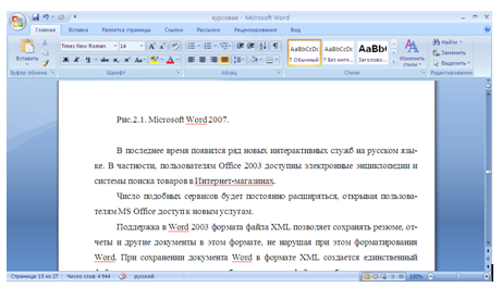 На рисунке 5 изображено окно работы в Microsoft Word 2007.
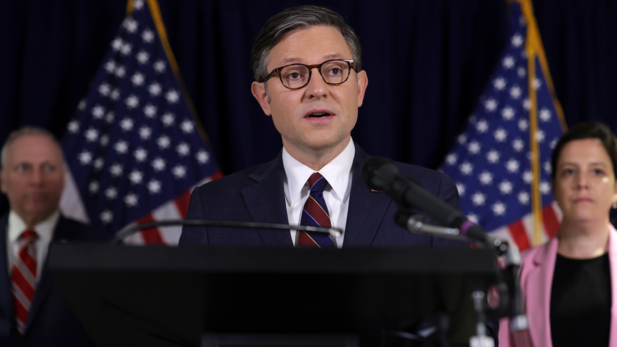House Speaker Mike Johnson speaks at a press conference. (Getty Images)
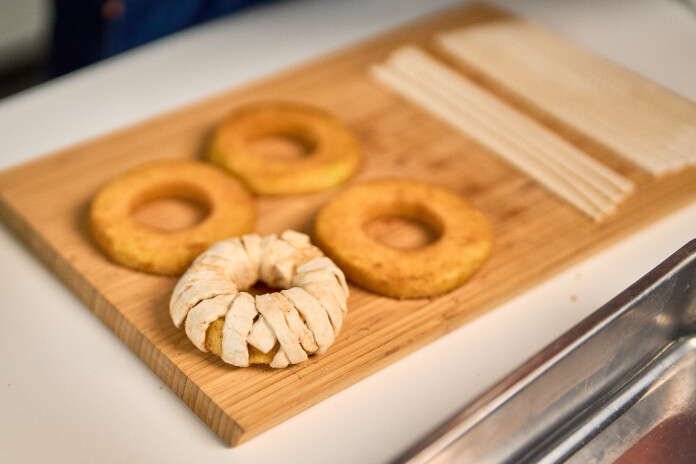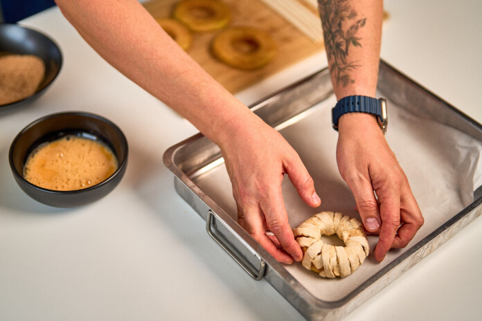 Cukuru sajauc ar kanēli un apviļā tajā ābolu gredzenus. Kārtaino rauga mīklu sagriež plānās strēmelēs un aptin ap katru ābolu gredzenu. Apsmērē ar sakultu olu un pārber ar nedaudz cukura.
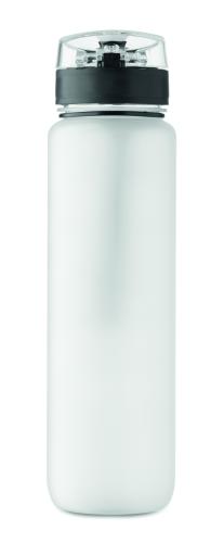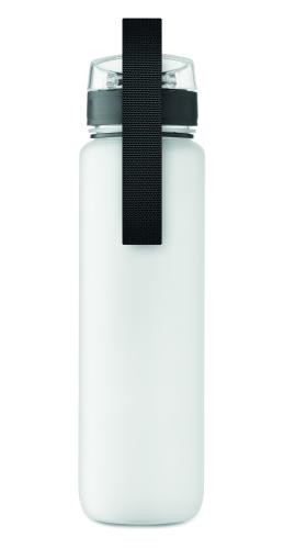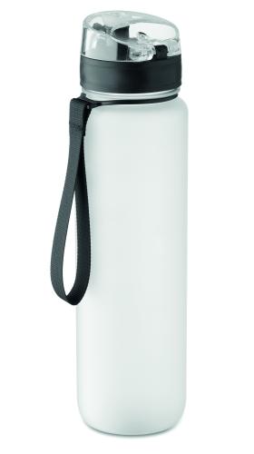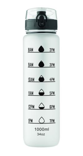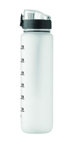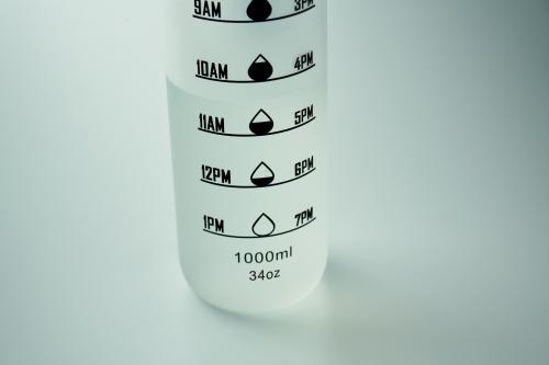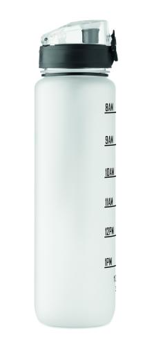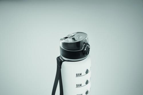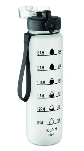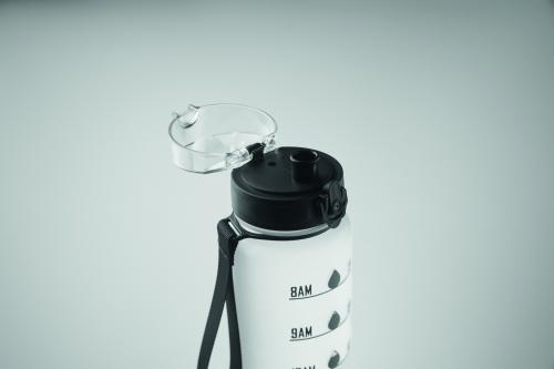 Sports water bottle in RPET, motivational time markings, one hand opening flip top lid, safety lock and carrying strap. Leak-free. Capacity: 1L.
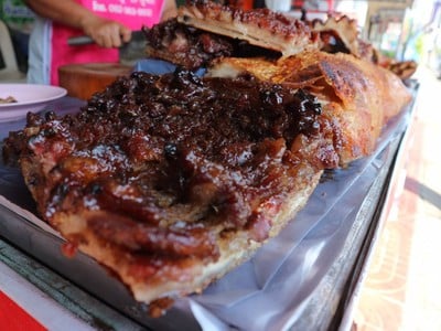 (เมืองตรัง) ⏩ พลาดหวังจากร้านหมูย่างเจ้าดังในตลาด เจ้าของโฮมสเตย์ที่ไปพักแนะนำให้มาลองเจ้านี้ค่ะ ซื้อกลับ กทม ทางร้านจะแพคใส่กล่องให้เรียบร้อย แพคกล่องละครึ่งกิโล ซื้อซี่โครงกลับด้วยก็สับใส่กล่องให้อย่างดีค่ะ ⏩ ทั้งหมูย่าง และซี่โครง จะออกรสหวานนำนะคะ หมูย่างหอมเครื่องเทศกำลังดี เนื้อแน่น หนังกรอบแต่ไม่ฟู รวมๆ ก็ใช้ได้ค่ะดูเพิ่มเติม
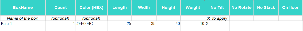 - No Tilt / No Rotate / No Stack / On Floor: Kısıtlamalar (etkinleştirmek için X işareti koyun).
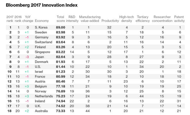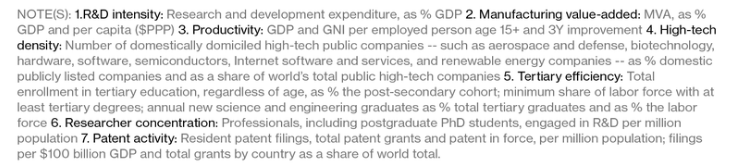Oftewel: R&D uitgaven als percentage van BBP en van de bevolking, Toegevoegde waarde van bedrijven, aantal beursgenoteerde high-tech bedrijven, percentage universitair geschoolden, patenten aangevraagd.
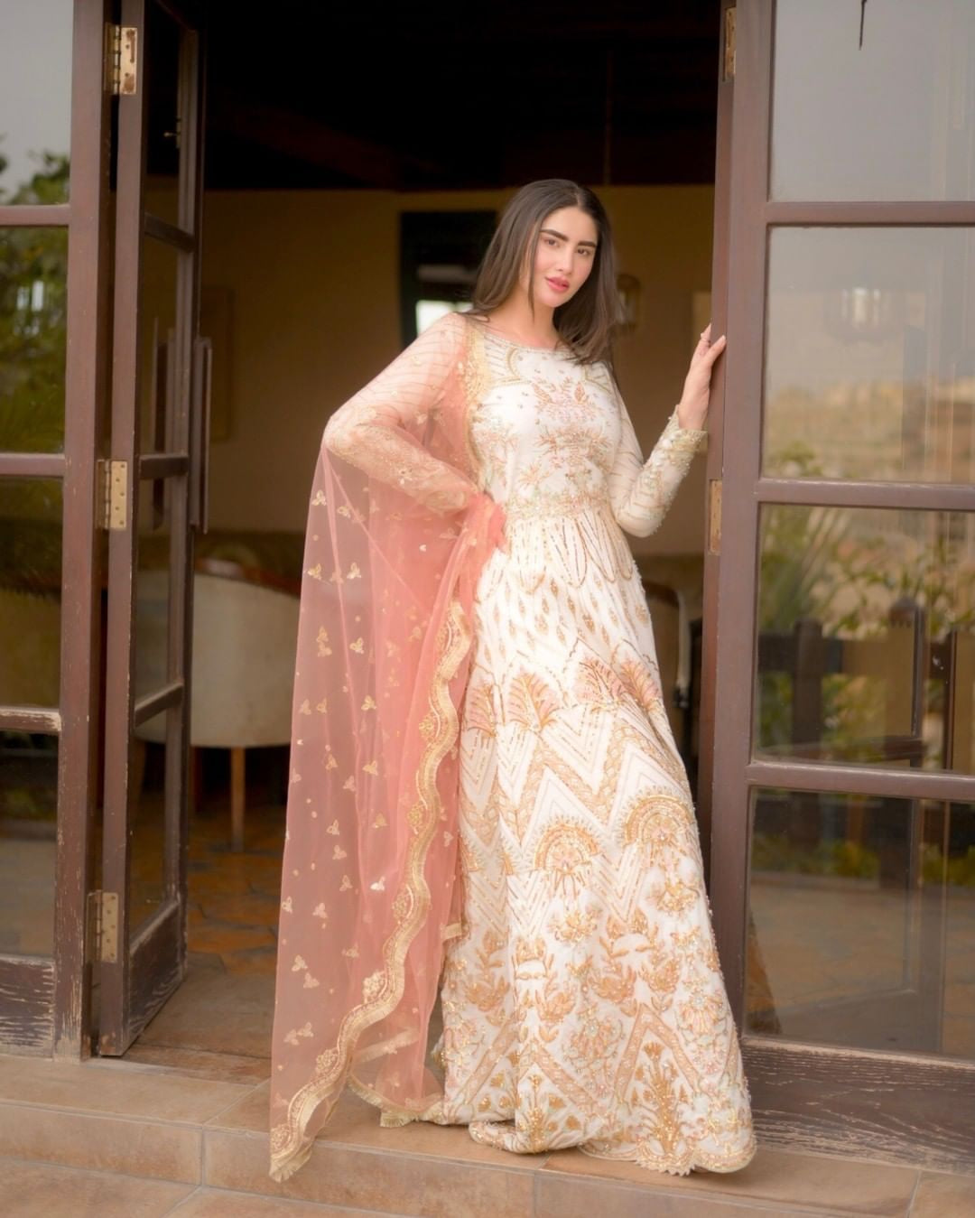 - Back: 1.4 yard Embroidered and Sequined on Organza Fabric

Activity: Your task is to restate word for word the lines from the line holding "Cukuru sajauc ar" through the final line of the listing, both included, but none of the pictures.

Exercise answer:
 Cukuru sajauc ar kanēli un apviļā tajā ābolu gredzenus. Kārtaino rauga mīklu sagriež plānās strēmelēs un aptin ap katru ābolu gredzenu. Apsmērē ar sakultu olu un pārber ar nedaudz cukura.
 Sports water bottle in RPET, motivational time markings, one hand opening flip top lid, safety lock and carrying strap. Leak-free. Capacity: 1L.
 (เมืองตรัง) ⏩ พลาดหวังจากร้านหมูย่างเจ้าดังในตลาด เจ้าของโฮมสเตย์ที่ไปพักแนะนำให้มาลองเจ้านี้ค่ะ ซื้อกลับ กทม ทางร้านจะแพคใส่กล่องให้เรียบร้อย แพคกล่องละครึ่งกิโล ซื้อซี่โครงกลับด้วยก็สับใส่กล่องให้อย่างดีค่ะ ⏩ ทั้งหมูย่าง และซี่โครง จะออกรสหวานนำนะคะ หมูย่างหอมเครื่องเทศกำลังดี เนื้อแน่น หนังกรอบแต่ไม่ฟู รวมๆ ก็ใช้ได้ค่ะดูเพิ่มเติม
 - No Tilt / No Rotate / No Stack / On Floor: Kısıtlamalar (etkinleştirmek için X işareti koyun).
Oftewel: R&D uitgaven als percentage van BBP en van de bevolking, Toegevoegde waarde van bedrijven, aantal beursgenoteerde high-tech bedrijven, percentage universitair geschoolden, patenten aangevraagd.
 - Back: 1.4 yard Embroidered and Sequined on Organza Fabric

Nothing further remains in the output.